INFORMATION SUPPLIED:
>>
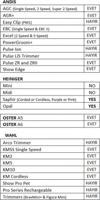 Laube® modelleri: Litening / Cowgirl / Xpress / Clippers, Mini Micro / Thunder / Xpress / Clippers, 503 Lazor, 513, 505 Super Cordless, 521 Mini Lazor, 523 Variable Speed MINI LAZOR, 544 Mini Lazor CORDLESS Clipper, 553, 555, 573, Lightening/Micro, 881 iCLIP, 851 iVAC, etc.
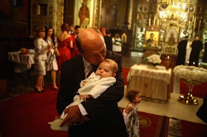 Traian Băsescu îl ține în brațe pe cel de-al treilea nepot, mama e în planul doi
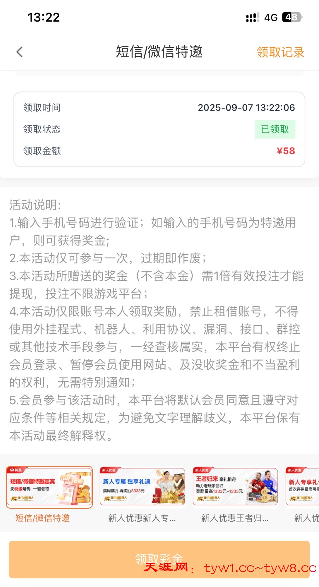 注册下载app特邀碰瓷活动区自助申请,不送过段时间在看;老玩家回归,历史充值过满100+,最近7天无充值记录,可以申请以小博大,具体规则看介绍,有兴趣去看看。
<<
WORK REQUIRED:
Set the pictures aside and transcribe the data above exactly.

TASK OUTPUT:
 Laube® modelleri: Litening / Cowgirl / Xpress / Clippers, Mini Micro / Thunder / Xpress / Clippers, 503 Lazor, 513, 505 Super Cordless, 521 Mini Lazor, 523 Variable Speed MINI LAZOR, 544 Mini Lazor CORDLESS Clipper, 553, 555, 573, Lightening/Micro, 881 iCLIP, 851 iVAC, etc.
 Traian Băsescu îl ține în brațe pe cel de-al treilea nepot, mama e în planul doi
 注册下载app特邀碰瓷活动区自助申请,不送过段时间在看;老玩家回归,历史充值过满100+,最近7天无充值记录,可以申请以小博大,具体规则看介绍,有兴趣去看看。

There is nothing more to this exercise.